[Data records]
####
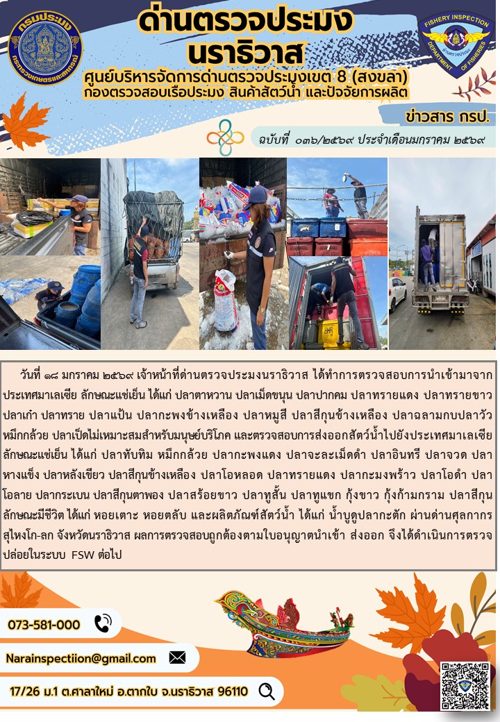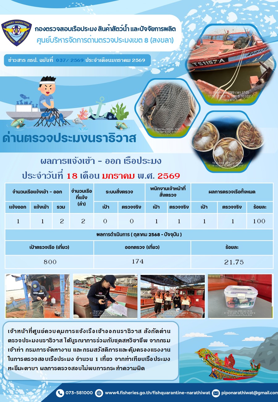 ประชาสัมพันธ์ด่านตรวจประมงนราธิวาส ประจำวันที่ 18 มกราคม 2569
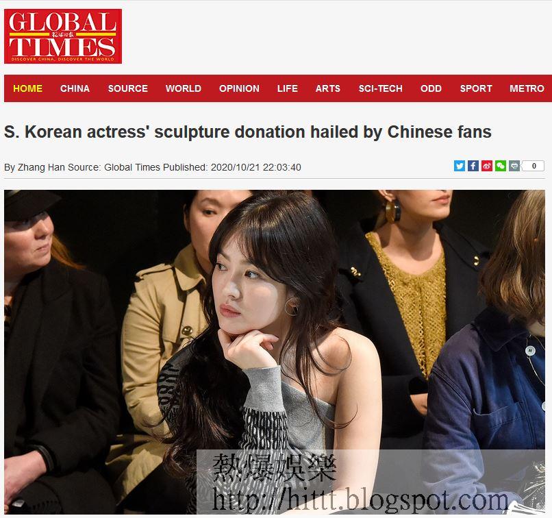 報道指,官媒《環球時報》英文版昨日提及喬妹向黑龍江省海林市歷史人物博物館捐贈了抗日戰爭英雄金佐鎮將軍銅像,並大讚喬妹的舉動受到fans和中國人的高度讚揚。文中分析因為武肺而受到國際社會批評的中國正致力於與韓國等國家維持友好關係,擔心BTS事件會導致中韓關係惡化,所以對喬妹的舉動就表示讚揚,透過官媒着手解決事件。而一眾大陸網民亦紛紛留言大讚喬妹舉動:「人美心更美」、「宋慧喬成為了中韓關係發展的窗口」等留言。
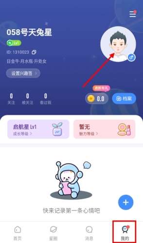 1、在知星APP“我的”页面内点击初始头像。
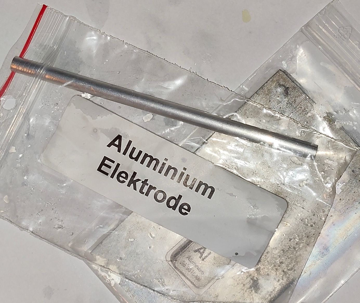 Ik ga deze keer een andere anode gebruiken, ook aluminium, maar een aluminium staafje.
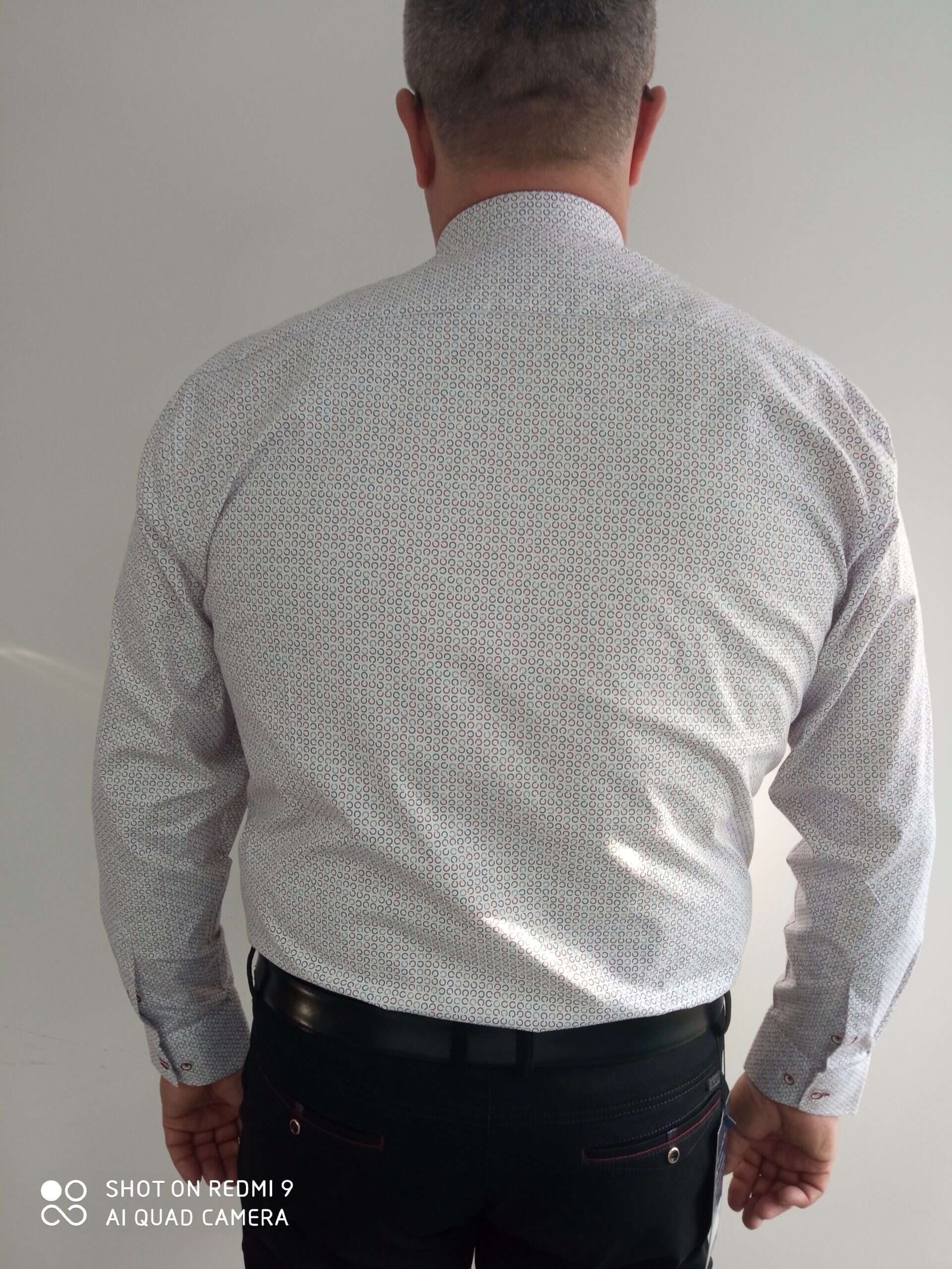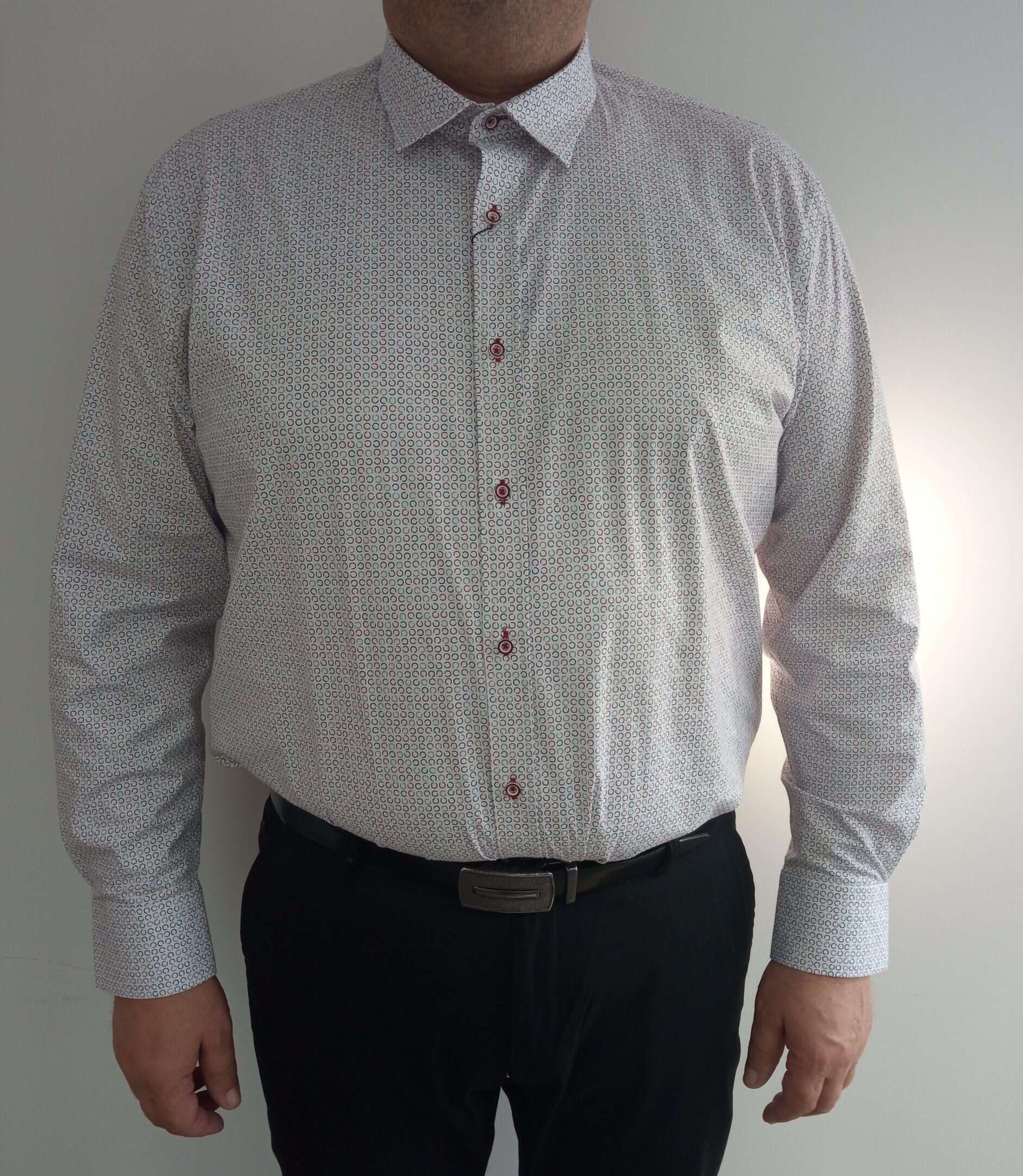 Elegantná biela košeľa so vzorom, zapínanie na gombíky, golierik, strih slim fit.
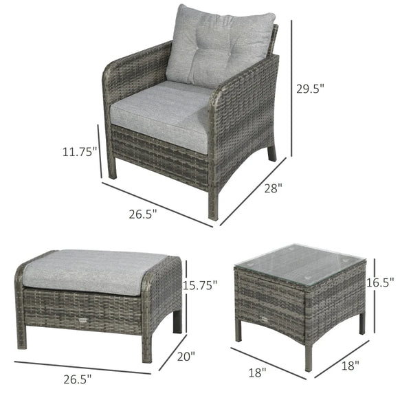 - Dimension décente : Dimension de la table : 18,25"Lx18,25"Lx16,5"H, Dimension du pouf : 26,5"Lx20"Lx15,75"H, Dimension du fauteuil : 28"Lx26,5"Lx29,5"H.
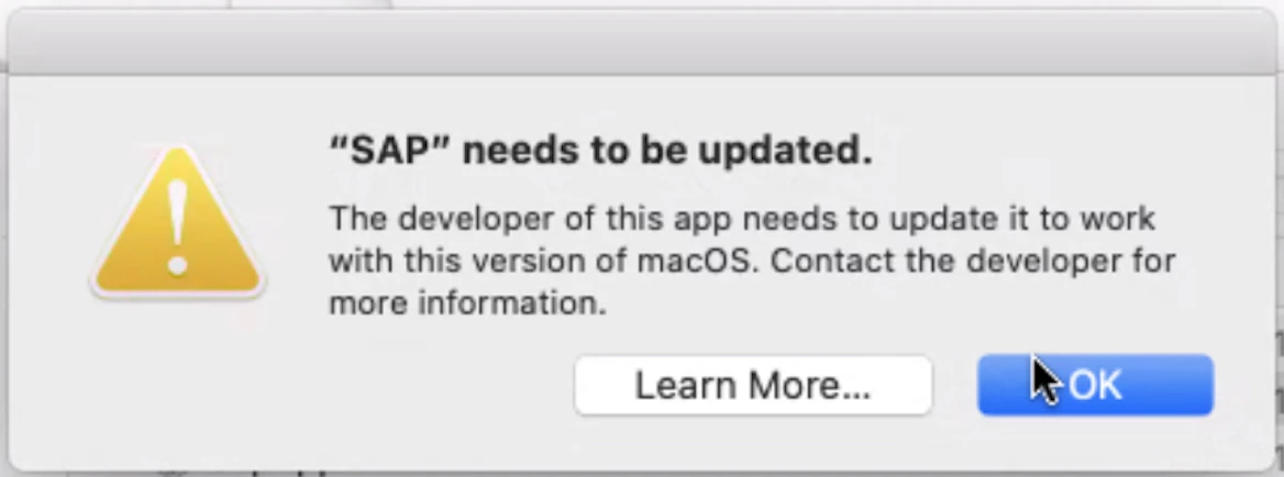 The developer of this app needs to update it to work with this version of macOS. Contact the developer for more information.
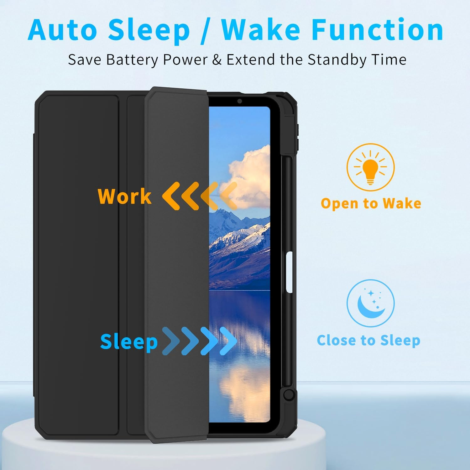 • Urmăriți / somn automat: atașați la iPad Pro caz 11 inch 2024 cu o bandă magnetică integrată, astfel încât carcasa rămâne ferm închisă. Capacul inteligent suportă funcția automată de trezire / somn și face ca iPad Pro 11 M4 2024 să se deschidă automat să funcționeze și să se culce. Economisește mai multă energie și prelungește durata de viață a bateriei.
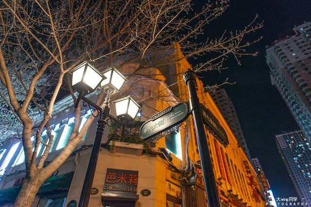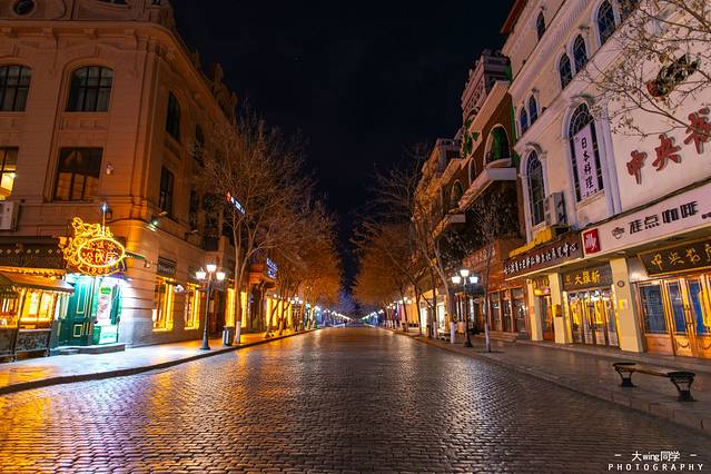 午夜的中央大街,与白天的繁华形成了鲜明的对比,两旁光秃的大树,泛黄的街灯,打烊的店铺,令这条空旷的大街略显萧条。
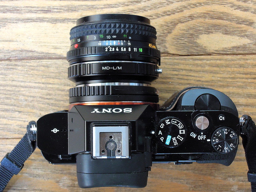 ソニーα7の場合は、ちゃんと使えます。35ミリレンズなら35ミリレンズとして使えるし、それどころか、一眼レフではミラーアップしないとくっつかなくて、なにが写るのかがわかんないまま撮影しなきゃいけなかったレンズまで、ちゃんとファインダーを確認しながら撮影することができます。すごい。
####
What is needed is a word-for-word copy of the lines from the start of the data to the line with "午夜的中央大街,与白天的繁华", inclusive, with no pictures in it.

 ประชาสัมพันธ์ด่านตรวจประมงนราธิวาส ประจำวันที่ 18 มกราคม 2569
 報道指,官媒《環球時報》英文版昨日提及喬妹向黑龍江省海林市歷史人物博物館捐贈了抗日戰爭英雄金佐鎮將軍銅像,並大讚喬妹的舉動受到fans和中國人的高度讚揚。文中分析因為武肺而受到國際社會批評的中國正致力於與韓國等國家維持友好關係,擔心BTS事件會導致中韓關係惡化,所以對喬妹的舉動就表示讚揚,透過官媒着手解決事件。而一眾大陸網民亦紛紛留言大讚喬妹舉動:「人美心更美」、「宋慧喬成為了中韓關係發展的窗口」等留言。
 1、在知星APP“我的”页面内点击初始头像。
 Ik ga deze keer een andere anode gebruiken, ook aluminium, maar een aluminium staafje.
 Elegantná biela košeľa so vzorom, zapínanie na gombíky, golierik, strih slim fit.
 - Dimension décente : Dimension de la table : 18,25"Lx18,25"Lx16,5"H, Dimension du pouf : 26,5"Lx20"Lx15,75"H, Dimension du fauteuil : 28"Lx26,5"Lx29,5"H.
 The developer of this app needs to update it to work with this version of macOS. Contact the developer for more information.
 • Urmăriți / somn automat: atașați la iPad Pro caz 11 inch 2024 cu o bandă magnetică integrată, astfel încât carcasa rămâne ferm închisă. Capacul inteligent suportă funcția automată de trezire / somn și face ca iPad Pro 11 M4 2024 să se deschidă automat să funcționeze și să se culce. Economisește mai multă energie și prelungește durata de viață a bateriei.
 午夜的中央大街,与白天的繁华形成了鲜明的对比,两旁光秃的大树,泛黄的街灯,打烊的店铺,令这条空旷的大街略显萧条。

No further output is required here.